For any method, you should explore the data first. You can do some preprocessing. In particular, you can derive new features from the existing ones, or you can define a particular type of "distance". In addition, whenever it makes sense, it is highly recommended that you also use the raw features with the same clustering method, for comparison. Tell us in the project how the raw features fared compared to the features "engineered" by you.
Software resources You are allowed to download software for this project. In this case, you must know intimately what the software is doing in the context of your project. You must also demonstrate by your project that you mastered various issues of the process of data analysis and clustering. You will be graded mostly (this will become more precise eventually) on your intellectual contribution to the project and only secondarily on the performance/sophistication of the methods borrowed from others.
Generic machine learning packages
- scikit-learn (Python)
- Weka (Java)
- pmtk3 (matlab)
- SVM packagages: SVM-torch, SVM-light, LibSVM
- TensorFlow (especially for neural nets, but other methods included) (Python)
- more TB posted
Time line
Data available |
May 2 |
Choose method 1 |
Outputs due |
May 23 noon |
Unveiling the results |
May 31 lecture |
Submit report |
June 5 midnight |
Report outline
- Preprocessing, what feature set you used
- Methods. What methods, why (in case of method 2) with some details (e.g. kernel type)
- Clustering strategy. Reproducible description of what you did for clustering. How did you set parameters, how did you set algorithm's parameters (e.g. convergence), with supporting evidence (e.g. plotted density and found it too rough -- this would work for data in 1 dimension).
- Evaluation: how good is the clustering and how did you evaluate this?
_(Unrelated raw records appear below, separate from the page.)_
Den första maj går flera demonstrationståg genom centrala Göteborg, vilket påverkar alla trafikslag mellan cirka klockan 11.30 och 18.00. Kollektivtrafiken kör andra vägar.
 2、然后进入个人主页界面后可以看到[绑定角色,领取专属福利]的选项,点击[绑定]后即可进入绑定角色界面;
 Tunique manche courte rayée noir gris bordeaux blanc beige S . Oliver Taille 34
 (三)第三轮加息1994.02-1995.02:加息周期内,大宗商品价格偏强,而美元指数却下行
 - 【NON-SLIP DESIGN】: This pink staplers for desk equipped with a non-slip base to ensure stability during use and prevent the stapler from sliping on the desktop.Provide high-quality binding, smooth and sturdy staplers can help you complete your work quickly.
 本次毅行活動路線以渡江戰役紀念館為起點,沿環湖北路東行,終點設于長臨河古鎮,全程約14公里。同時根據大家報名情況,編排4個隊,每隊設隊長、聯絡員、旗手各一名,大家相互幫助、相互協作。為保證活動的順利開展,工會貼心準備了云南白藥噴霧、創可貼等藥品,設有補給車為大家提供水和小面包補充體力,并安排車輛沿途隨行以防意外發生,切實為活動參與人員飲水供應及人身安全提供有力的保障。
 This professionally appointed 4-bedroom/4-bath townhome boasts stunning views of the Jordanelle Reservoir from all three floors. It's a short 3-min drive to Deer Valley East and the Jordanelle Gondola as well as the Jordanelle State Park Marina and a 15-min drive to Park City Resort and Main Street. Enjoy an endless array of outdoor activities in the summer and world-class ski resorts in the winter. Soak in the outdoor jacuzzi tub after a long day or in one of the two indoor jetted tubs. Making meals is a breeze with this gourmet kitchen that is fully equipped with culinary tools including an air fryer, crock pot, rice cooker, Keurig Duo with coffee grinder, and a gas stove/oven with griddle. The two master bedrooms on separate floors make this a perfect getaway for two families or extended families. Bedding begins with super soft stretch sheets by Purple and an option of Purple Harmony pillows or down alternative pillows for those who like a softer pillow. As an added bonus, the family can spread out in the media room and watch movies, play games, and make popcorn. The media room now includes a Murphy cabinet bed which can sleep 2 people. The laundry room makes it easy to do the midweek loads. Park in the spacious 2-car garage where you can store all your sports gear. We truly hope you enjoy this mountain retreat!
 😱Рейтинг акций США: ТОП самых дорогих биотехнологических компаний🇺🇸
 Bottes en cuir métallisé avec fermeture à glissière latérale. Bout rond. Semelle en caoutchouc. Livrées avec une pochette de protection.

Here we expect more than one method if they are interpretable and plottable. Be selective in what you show! Credit will given for careful analysis or visualization of the results.
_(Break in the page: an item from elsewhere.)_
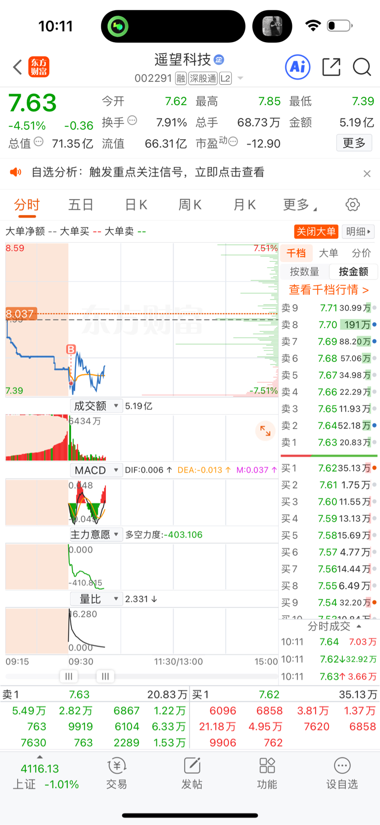 $遥望科技(SZ002291)$ 本来想再加一笔,想想算了,留着下星期加,今天没做T是太可惜了,跟你耗上了

- Bibliographic references as needed (the class notes need not be references, only other material you read)
- Total length: no more than 5 pages of text (not counting references and figures) and up to no more than 10 pages total. [The 5 pages are approximative. Do not try to separate text from figures. In fact, we encourage you to place figures in text at the most natural location; this makes reading easier.]
In writing the report, assume that the readers (=instructor and TA) are very familiar with all the clustering methods presented in class and with machine learning terminology; there is no need to reproduce textbook like defintions (and there would be no space for it). What the readers need to know are the specifics of what you did with these methods. What parameters you used for learning, what inputs, and if there were any variations from the standard methods. For example, if you use a Random Forests package, although we know what a RF is, assume we don't know what variant of RF the package implements, or what the parameters mean. You need to specify these in your report.
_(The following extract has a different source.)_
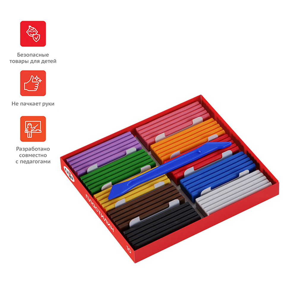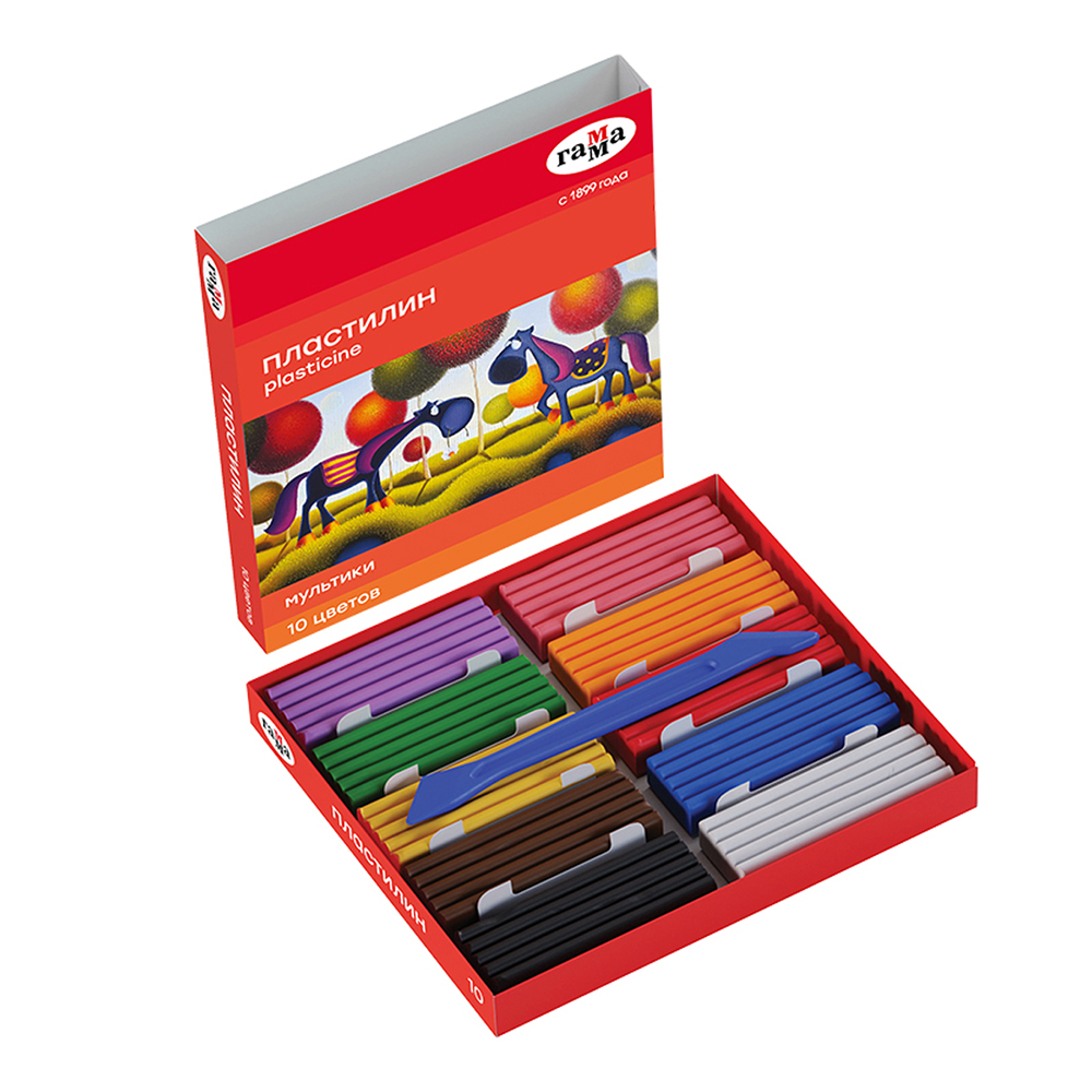 Классический пластилин от торговой марки «Гамма» серии «Мультики» рекомендован педагогами для укрепления мышц кисти и развития мелкой моторики. После разминания обретает однородную структуру и пластичность: хорошо смешивается и размазывается, но не крошится. В наборе 10 цветов. Вес одного бруска — 20 г. Пластиковый стек в комплекте. Пластилин «Мультики» — оптимальный материал для занятий лепкой в школе и детском саду. Прекрасно подходит для техники рисования пластилином — пластилинографии. В составе светостойкие пигменты, поэтому поделки долго хранятся и не выцветают.

How to submit your results
- for the 12,000 examples in the data, you will produce 12,000 cluster labels by each method. Create the files alg1_out.txt and alg2_out.txt with the following format:
label1
label2
....
label
....
(12,000 lines)
E.g. example-output.txt
The label is an integer, representing the cluster label; the ordering of the labels must match the ordering of the points in the data set.
The labels can be any non-negative integer, as long as points in the same clusters have the same label.
We will use a script to download and evaluate your results, so please do not vary from the format or file name, lest your results be distorted. There will be two files to submit, one for each method.
- Go to the Canvas dropbox. Upload the files.
- T.B. set upEnter also: the names of the methods used.